**Work to complete**
Excluding pictures, what does the listing below contain from the line with "This beautiful bag" up to and including the line with "Codling moths are", word for word?
Task data Start Marker
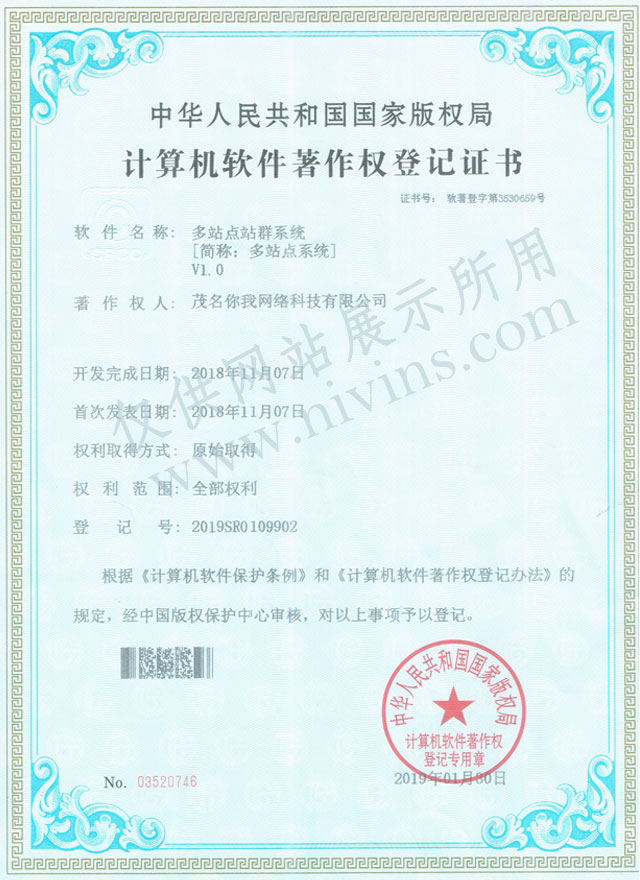 熱烈祝賀茂名你我網(wǎng)絡(luò)科技有限公司獲得了中華人民共和國國家版權(quán)局頒發(fā)的《計算機(jī)軟件著作權(quán)登記證書》,被認(rèn)定為軟件——“多站點站群系統(tǒng)V1.0”的法定著作權(quán)人,登記號:2019SR0109902,證書號:軟著登字第3530659號。
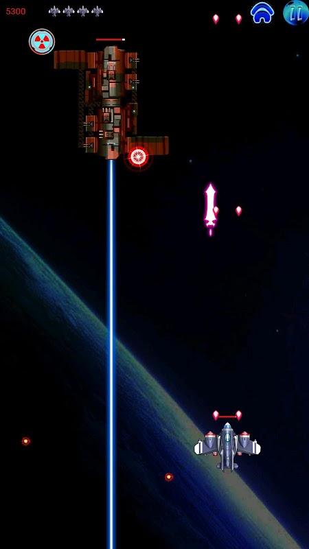 This is a classic space shooter game, it has 8 levels, the next level can be automatically unlocked after you win a leavel . The game is easy to control by touch and move anywhere of screen. The game has a variety of reward buoys and weapon upgrades. The secret of the game is to upgrade the appropriate weapon firepower as soon as possible, because the enemy will be more and more faster and stronger. When fighting monsters, try to use laser swords, thunderstorms and other weapons of mass destruction, and make rational use of armor time.
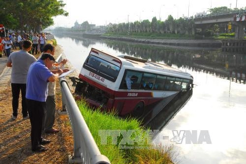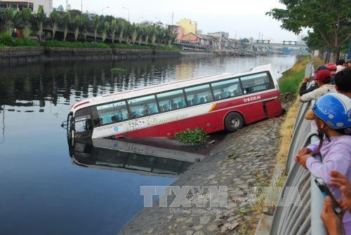 Thông tin ban đầu, vào khoảng 5 giờ cùng ngày, xe khách biển kiểm soát 51B - 038.40 đang lưu thông trên đường Võ Văn Kiệt, hướng từ huyện Bình Chánh về quận 1. Khi mới qua cầu Lò Gốm, chiếc xe bất ngờ mất lái, đâm hàng loạt dải phân cách cứng rồi lao xuống kênh Tàu Hủ - Bến Nghé. Tài xế và phụ xe đã phá cửa, kịp thời thoát ra ngoài.
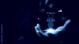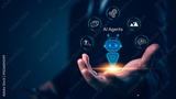 businessman holding a virtual interface with AI agents icons. automation, smart business solutions, and digital transformation. machine learning, data processing, and artificial intelligence.
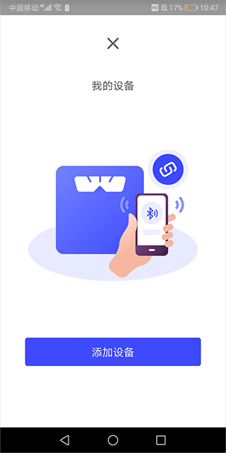 打开应用后,主界面中央醒目位置设有体重秤图标,点击即可进入设备管理区域。
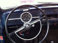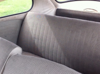 Innvendig ser den litt sliten ut. Førersetet har ødelagt rygg. Alle setene bør sikkert trekkes om, men fjærene er hele.
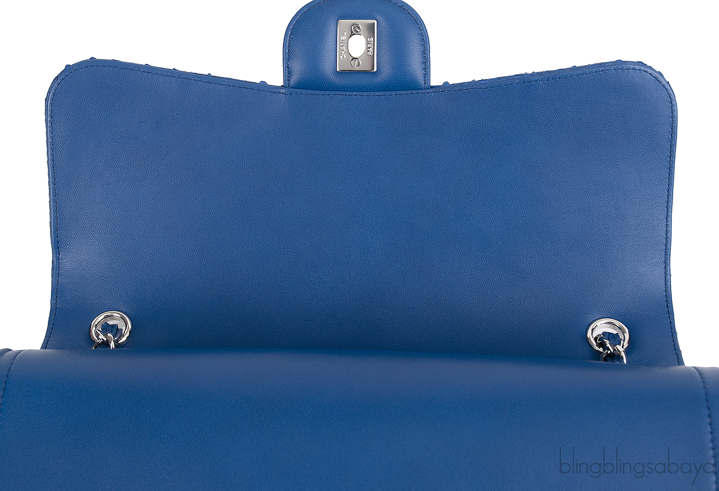 This beautiful bag features zippered compartment on the front flap while the second flap shows a large stitched CC logo. The roomy interior is made of coordinating blue leather and reveals several pockets for easy organization.
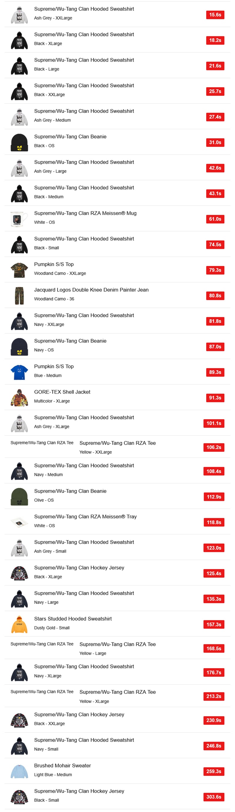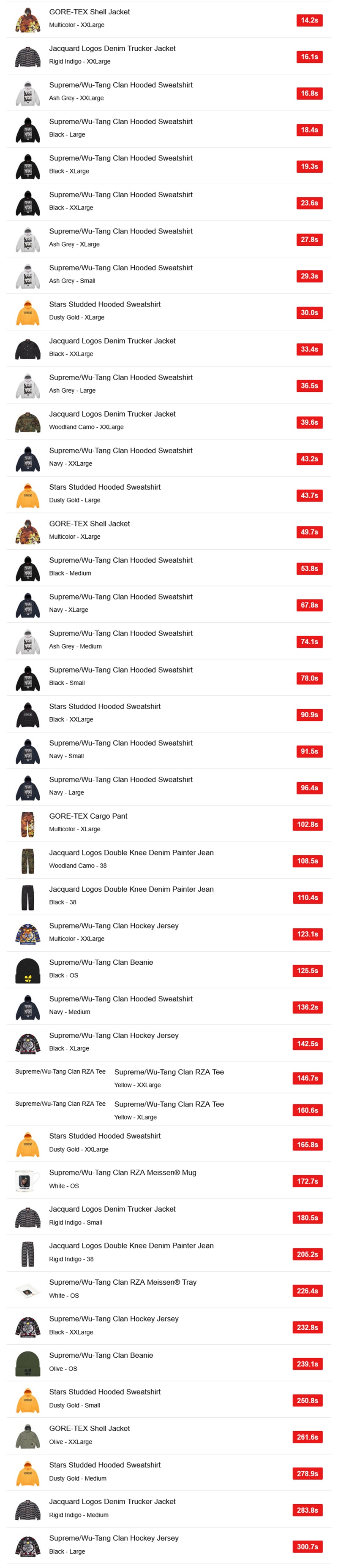EUではウータン・クランコラボのシェルジャケット「GORE-TEX Shell Jacket」とフーディー「Supreme/Wu-Tang Clan Hooded Sweatshirt」の人気が高かった模様。
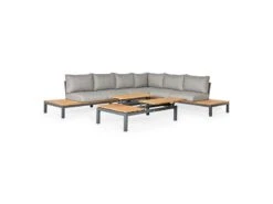 Het gebruik van sterke, duurzame en weerbestendige materialen maken deze loungeset bijzonder onderhoudsvriendelijk. Het aluminium frame is uitgevoerd in matt royal grey en geeft de set een industriële uitstraling. De verstelbare tafelbladen zijn van gecertificeerd teak: een sterke houtsoort die door een natuurlijk proces verkleurt tot een warm grijs. De kussens zijn waterafstotend en gemakkelijk schoon te maken.
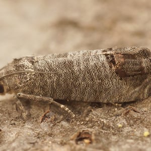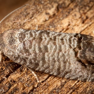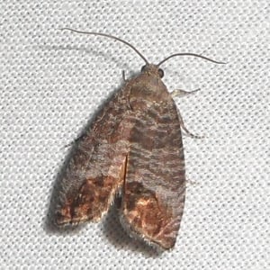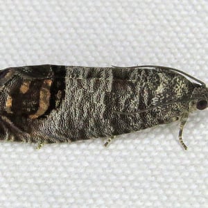 Codling moths are not large, as the full grown adult codling moth has an average length of 10 mm and wingspan of 20 mm. The wings fold into a tent-like shape when the moths are resting. They are distinguished from other similar moths in the family Tortricidae by the distinctive patterns on their fore-wings. These brown spots enclosed in gold rings are called "little mirrors" because they resemble small mirrors with a golden rim. The slender antennae are mildly curved near the distal end. The dorsal side of the abdomen is smooth and bare, while the ventral side is covered in scales. Though most of the moths are brown or gray in color, it has been observed that the maturity of the fruits the larvae feed on can lead to variation in color in the adult moth.
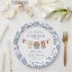 The centre design showcases a watercolor clothesline adorned with sweet baby cowboy items — denim overalls, boots, hat, and a bandanna — surrounded by a stylish blue and white cowhide border. Personalised text such as the honoree’s name and event date can be added for a unique, custom touch.
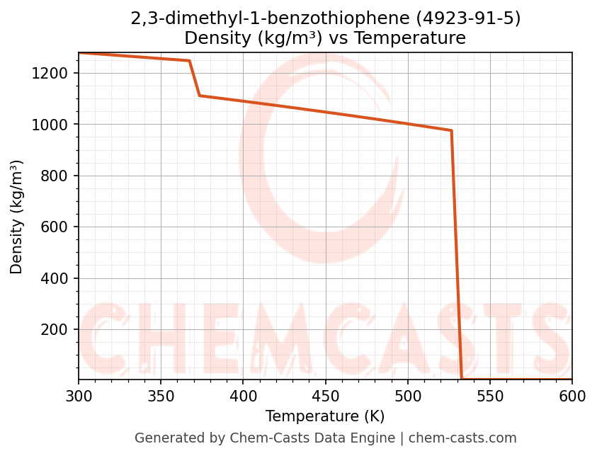 This page presents the temperature-dependent thermodynamic and transport properties of 2,3-dimethyl-1-benzothiophene (CAS 4923-91-5) calculated at a constant pressure of 1 atm (101325 Pa) over the temperature range 250-500 K.
Task data End Marker
**Written answer**
 This beautiful bag features zippered compartment on the front flap while the second flap shows a large stitched CC logo. The roomy interior is made of coordinating blue leather and reveals several pockets for easy organization.
EUではウータン・クランコラボのシェルジャケット「GORE-TEX Shell Jacket」とフーディー「Supreme/Wu-Tang Clan Hooded Sweatshirt」の人気が高かった模様。
 Het gebruik van sterke, duurzame en weerbestendige materialen maken deze loungeset bijzonder onderhoudsvriendelijk. Het aluminium frame is uitgevoerd in matt royal grey en geeft de set een industriële uitstraling. De verstelbare tafelbladen zijn van gecertificeerd teak: een sterke houtsoort die door een natuurlijk proces verkleurt tot een warm grijs. De kussens zijn waterafstotend en gemakkelijk schoon te maken.
 Codling moths are not large, as the full grown adult codling moth has an average length of 10 mm and wingspan of 20 mm. The wings fold into a tent-like shape when the moths are resting. They are distinguished from other similar moths in the family Tortricidae by the distinctive patterns on their fore-wings. These brown spots enclosed in gold rings are called "little mirrors" because they resemble small mirrors with a golden rim. The slender antennae are mildly curved near the distal end. The dorsal side of the abdomen is smooth and bare, while the ventral side is covered in scales. Though most of the moths are brown or gray in color, it has been observed that the maturity of the fruits the larvae feed on can lead to variation in color in the adult moth.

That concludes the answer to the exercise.